Instead, I hear a call from Em: “Come upstairs, J-Man needs you.” I get upstairs and J-Man is having difficulty walking. He’s listing into the wall every time he tries to propel forward and has numbness in his legs.

I looked at the clock. Called his insurer to get authorized, spoke with his on-call doctor’s service, and loaded him into the car. We were off to Sutter General’s emergency room downtown. This was 10 pm.

This was our first emergency visit to a medical facility here. I didn’t know what to expect. The ER waiting area was small, but there were two empty seats. No one seemed terribly ill or injured, so I guessed we’d just have a wait. We settled in. It took two hours to be triaged and another hour to get into the ER itself.

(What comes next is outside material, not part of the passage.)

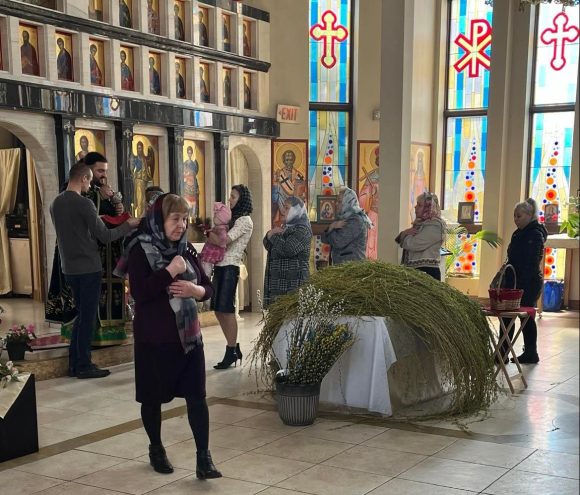В двете български православни църкви, “Свети Иван Рилски” в Чикаго и “Света София” в предградието Дес Плейнс, стотици вярващи отидоха за да чуят празничната литургия, да получат причастие и осветени върбови клонки. За разлика от предишни години, забелязахме голямо количество украински вярващи, които вероятно не са пожелали да посетят близките руски църкви.
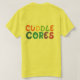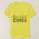 O design "Cuddle Cores" apresenta uma fonte colorida e lúcida com as palavras "Cuddle Cores" em um estilo caprichoso. O fundo é branco, e as letras são uma mistura de cores brilhantes, criando um olhar divertido e convidativo.

While we waited, whether we wanted to or not, we had to listen to two women, who did not appear to know one another, regaling the entire waiting room with their tales of various women’s prisons in California and what each one was like – who they knew in common, and how long they were in for their last stretch. Both were drug users. Recovering, apparently. They didn’t really look it though. They seemed quite disheartened about all the young women coming in as “lifers.” If I hadn’t been so tired, that might have actually spurred some social justice outrage in me.

Pretty soon, a young man wearing a camouflage jacket, with a military style buzz cut, dirty jeans, and a slumping, defeated walk came in. He knew one of the women. They compared notes on his mother, who she had known in prison. Turns out that woman was back “in.” He complained of a terrible headache.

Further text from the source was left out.